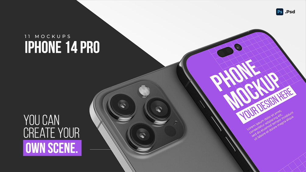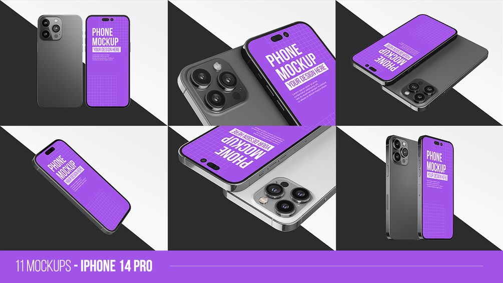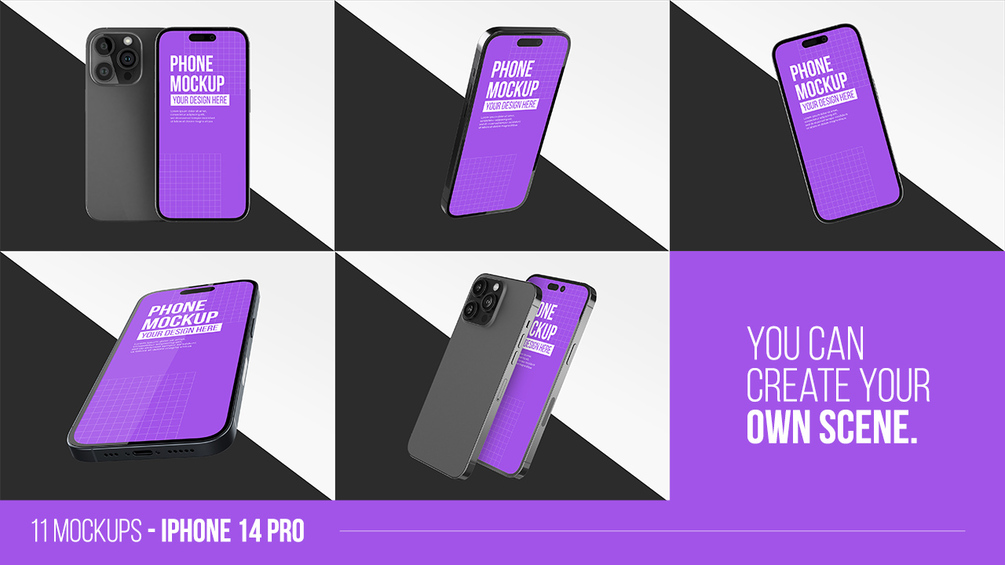 - Includes iPhone 14 Pro - 11 Scenes PSD high-quality files (All the scenes that you will see in the 2nd picture they already included in the purchase).
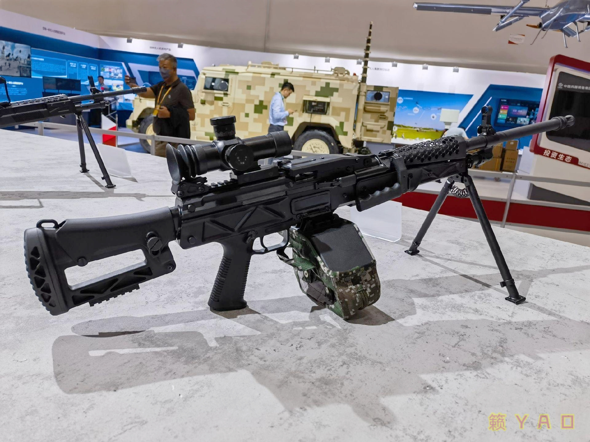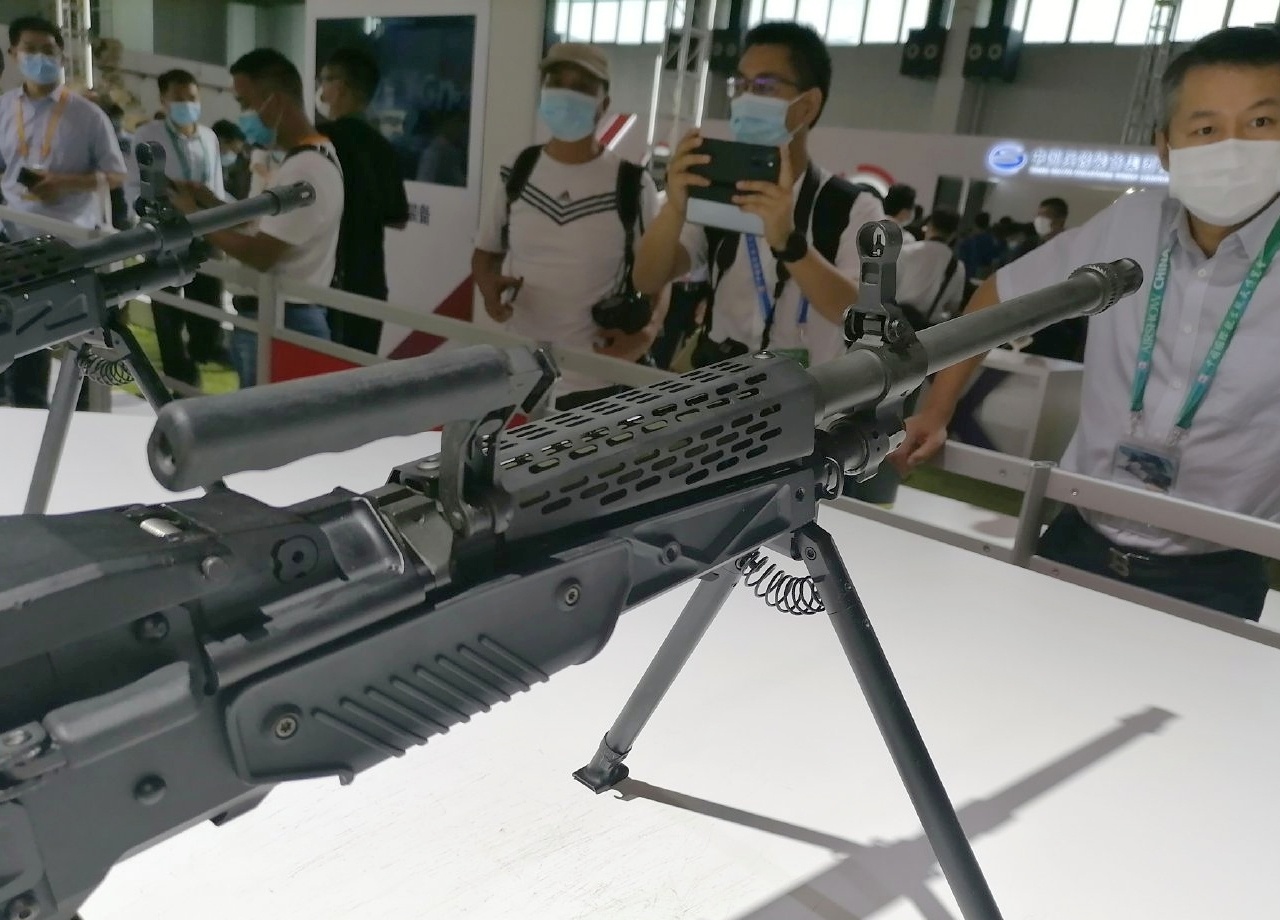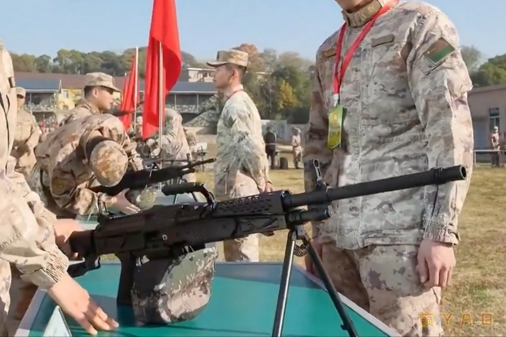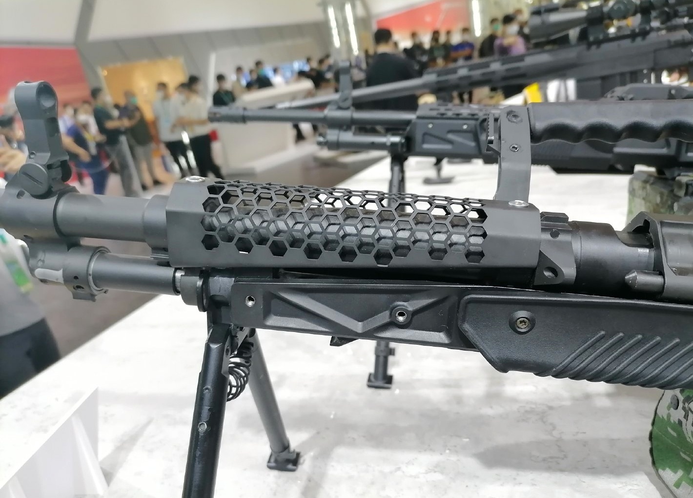 陆军步兵学院第五届“精英”射击邀请赛活动上展出的201通机(p1、p2)和西部试装的版本上护手/隔热罩形制不一样,这种条形孔的版本在21年第13届珠海航展时首见,而蜂窝孔的版本在19年阅兵后即下BD试用,近几年的各种展览上2种形制上护手/隔热罩的版本皆有出现,看厂家心情,拿到哪挺就哪挺。
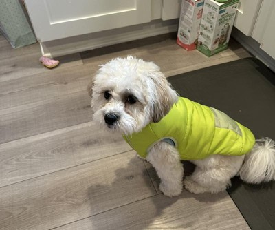 I got the puffer jacket Target had last year for one of my dogs. I loved it so much I decided to get this one for my other dog this year. This one is a bit different, the design/fit has changed. I like that it goes around the dogs legs so it won’t twist around their body, but I don’t like the Velcro going down the stomach from chest to tail rather than across from side to side (like last year’s version). It makes for a snugger fit and the velcro tends to pull more so it doesn’t seem as secure that way. My dog doesn’t seem to mind too much though so we’ll keep it for the cool weather!
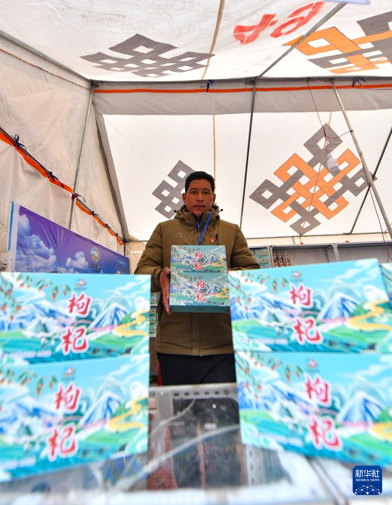 12月13日,在西藏日喀則市康馬縣冬季物資文化交流會上,涅如麥鄉(xiāng)群眾展示自產(chǎn)的枸杞。新華社記者晉美多吉 攝

::::

**What to work on**. Return the full set of lines above word for word and with no pictures.

**Written solution**.
 - Includes iPhone 14 Pro - 11 Scenes PSD high-quality files (All the scenes that you will see in the 2nd picture they already included in the purchase).
 陆军步兵学院第五届“精英”射击邀请赛活动上展出的201通机(p1、p2)和西部试装的版本上护手/隔热罩形制不一样,这种条形孔的版本在21年第13届珠海航展时首见,而蜂窝孔的版本在19年阅兵后即下BD试用,近几年的各种展览上2种形制上护手/隔热罩的版本皆有出现,看厂家心情,拿到哪挺就哪挺。
 I got the puffer jacket Target had last year for one of my dogs. I loved it so much I decided to get this one for my other dog this year. This one is a bit different, the design/fit has changed. I like that it goes around the dogs legs so it won’t twist around their body, but I don’t like the Velcro going down the stomach from chest to tail rather than across from side to side (like last year’s version). It makes for a snugger fit and the velcro tends to pull more so it doesn’t seem as secure that way. My dog doesn’t seem to mind too much though so we’ll keep it for the cool weather!
 12月13日,在西藏日喀則市康馬縣冬季物資文化交流會上,涅如麥鄉(xiāng)群眾展示自產(chǎn)的枸杞。新華社記者晉美多吉 攝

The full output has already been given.